La reforma de la justicia universal establece, por otro lado, que no se pueden perseguir delitos en España si se acredita que están siendo investigados en un tribunal internacional o en uno del Estado donde se cometieron los hechos. Ruz analiza esa nueva redacción del llamado principio de subsidiariedad, los autos de la Sala Penal y la doctrina del Supremo para concluir que procede insistir en pedir la comisión rogatoria cursada en enero a EE UU. Cuando se incorporen esos datos y se averigüe en qué estado están las investigaciones en EE UU, Ruz elevará su razonamiento al Supremo, para que este se pronuncie sobre la posible concurrencia del principio de subsidiariedad y decida si la causa debe proseguir o no.

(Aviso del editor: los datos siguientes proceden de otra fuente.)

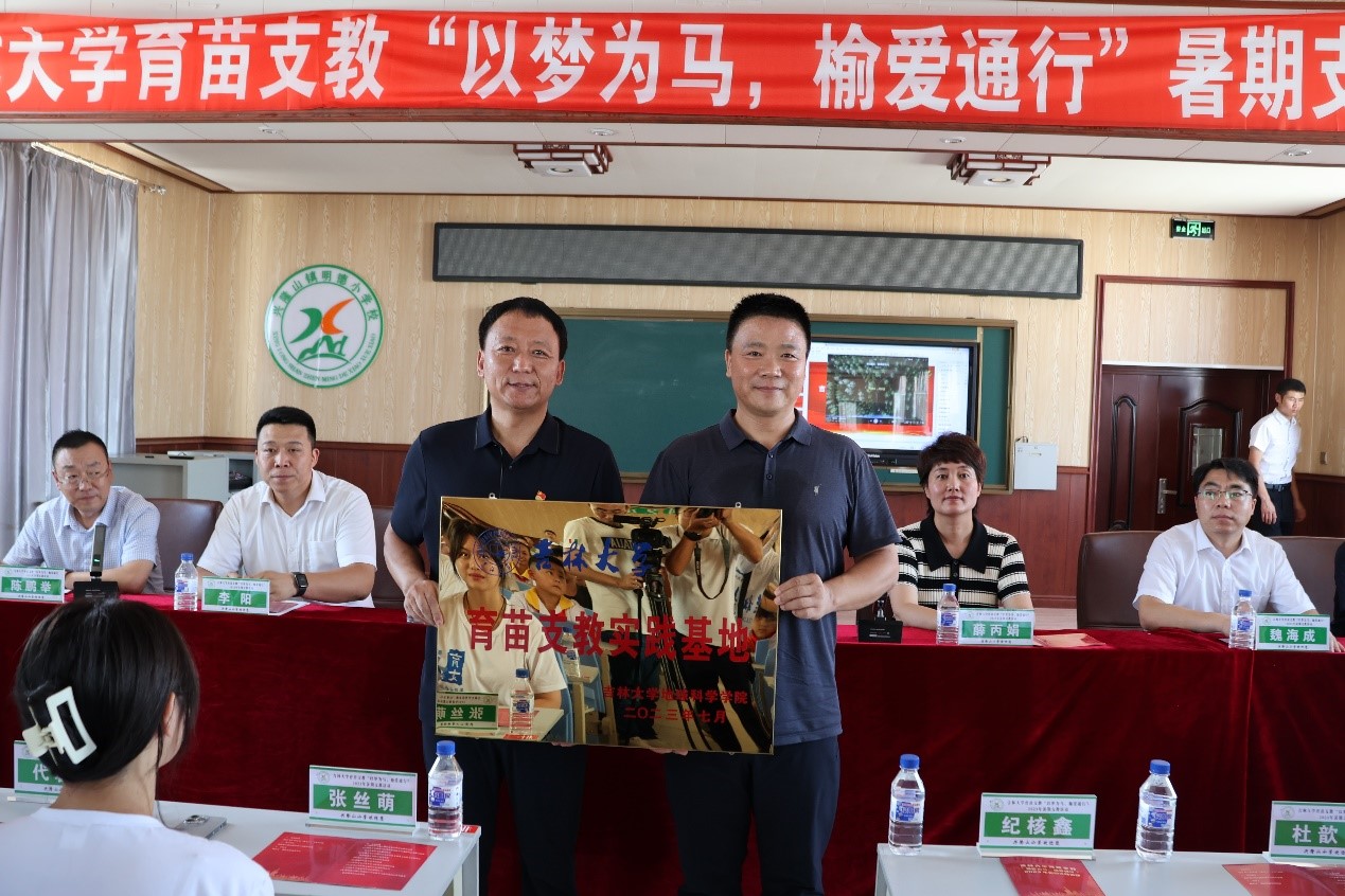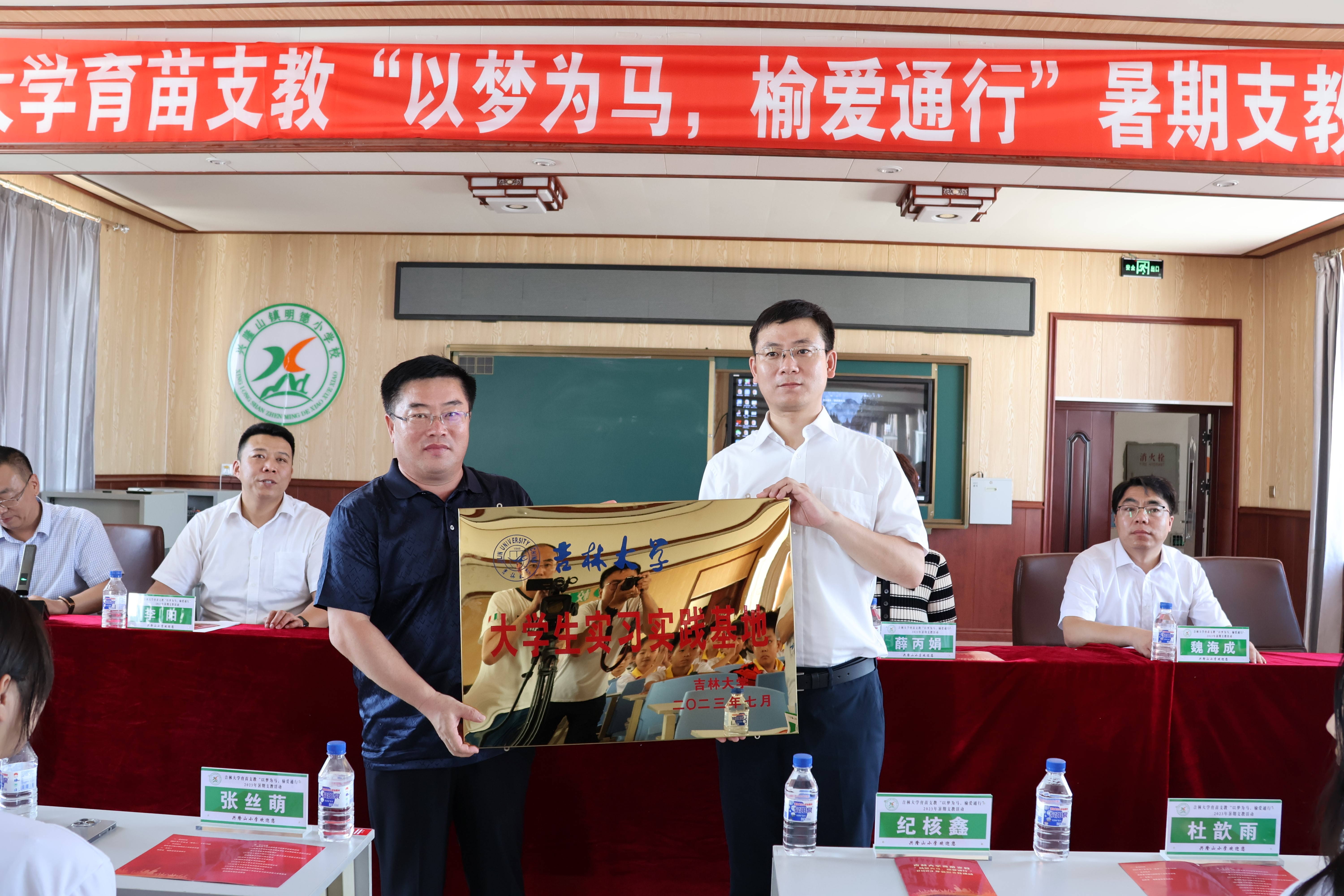 张刚副主席向杨志刚校长进行“吉林大学育苗支教实践基地”授牌
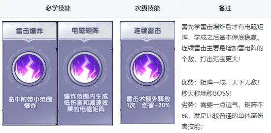 2、技能选择。前期重点主力技能学习冰弹术&雷击术,火球术可作为伤害补充,战车可用于减速拖延怪物抵达城墙的时间,不做主攻技能,火龙弹前期不推荐,8级以后可考虑风能波,具备更多群攻技能;

En otros dos autos conocidos este martes, Pablo Ruz también rechaza archivar la investigación de genocidio contra varios militares marroquíes por crímenes en el Sáhara. El juez señala que, tal y como informo la fiscalía, los hechos se cometieron tras la época colonial, “en territorio que a todos los efectos debe tener la consideración de español en el momento de comisión”. El supuesto delito fue cometido contra ciudadanos españoles en el momento en que el Sáhara Occidental era provincia española, “en concreto entre los meses de noviembre de 1975 y el 28 de febrero de 1976”. “Debiendo también asumirse”, añade, “la competencia de los hechos ocurridos con posterioridad al abandono del territorio por parte de las autoridades españolas en la medida que los mismos resultan conexos con los anteriores”.

Ruz también se declara competente para seguir investigando una querella por genocidio presentada por la Asociación Saharaui para la Defensa de los Derechos Humanos contra varios dirigentes del Frente Polisario.